Lobe Log:

François Nicoullaud's diplomatic career (1964 to 2005) brought him to New York, Chile, Berlin, Bombay, and finally to Budapest and Tehran as French ambassador. In the French Foreign Ministry he was in charge of cultural development as well as non-proliferation issues.

*What the U.S. Can Give*

A possible first gesture from the U.S. side could be to reinstate the waivers allowing the sale to Iran of commercial passenger aircraft, as provided by article 22 of the JCPOA. Negotiations between Iranian companies and Boeing as well as Airbus did start after the conclusion of the Vienna arrangement. They were interrupted, however, by Washington’s withdrawal.

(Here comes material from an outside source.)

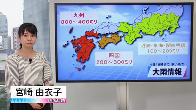 その後木曜日夕方にかけてもさらに雨の量が増え、九州では300~400ミリと、平年の7月の1か月分に相当するくらいの大雨がたった1日で降るおそれもあります。

They provided for the acquisition of more than 200 planes divided equally between Boeing and Airbus. The completion of this deal would be highly beneficial to Iran, due to the precarious state of its fleet, but also to Boeing, which is going through a difficult period owing to the recent crashes of its 737 Max airliners, and to the U.S. economy at large. The prospect of creating thousands of jobs in the American aircraft industry would be a positive signal in an election year. Last but not least, it would also benefit the European economy.

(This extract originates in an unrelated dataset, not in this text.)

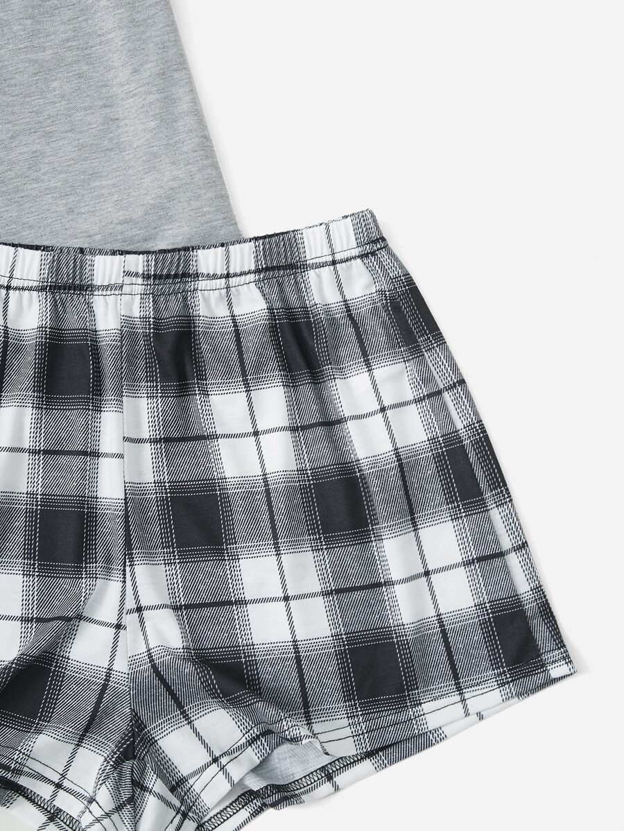 Grunge Punk Pyjama-Set mit Sterne Muster Raglanärmel T-Shirt und karierter Shorts, Schule

Another possible American gesture would be to reintroduce some waivers for Iranian oil’s main clients. This would reduce tensions on the oil international market and improve Washington’s relations with its traditional friends: Japan, South Korea, and Taiwan among others, not to mention Europe. And again, reasonable gasoline prices at U.S. gas pumps in an election year would be welcome. A third possible gesture would be to ease the restrictions imposed on the Iranian banking sector, provided, of course, that Iran finally brings its legislation into conformity with international norms against the financing of terrorism.

*What Iran Can Give*

How could Iran reciprocate such a bounty of gestures? The adoption of anti-terrorism international norms currently feeds a bitter internal debate in Iran. But the prospect of an attractive package could lead to a favourable decision by the supreme leader and thus settle the matter. However, this would not be enough by far, to satisfy the Trump administration. Another important Iranian gesture would be needed to tip the scales.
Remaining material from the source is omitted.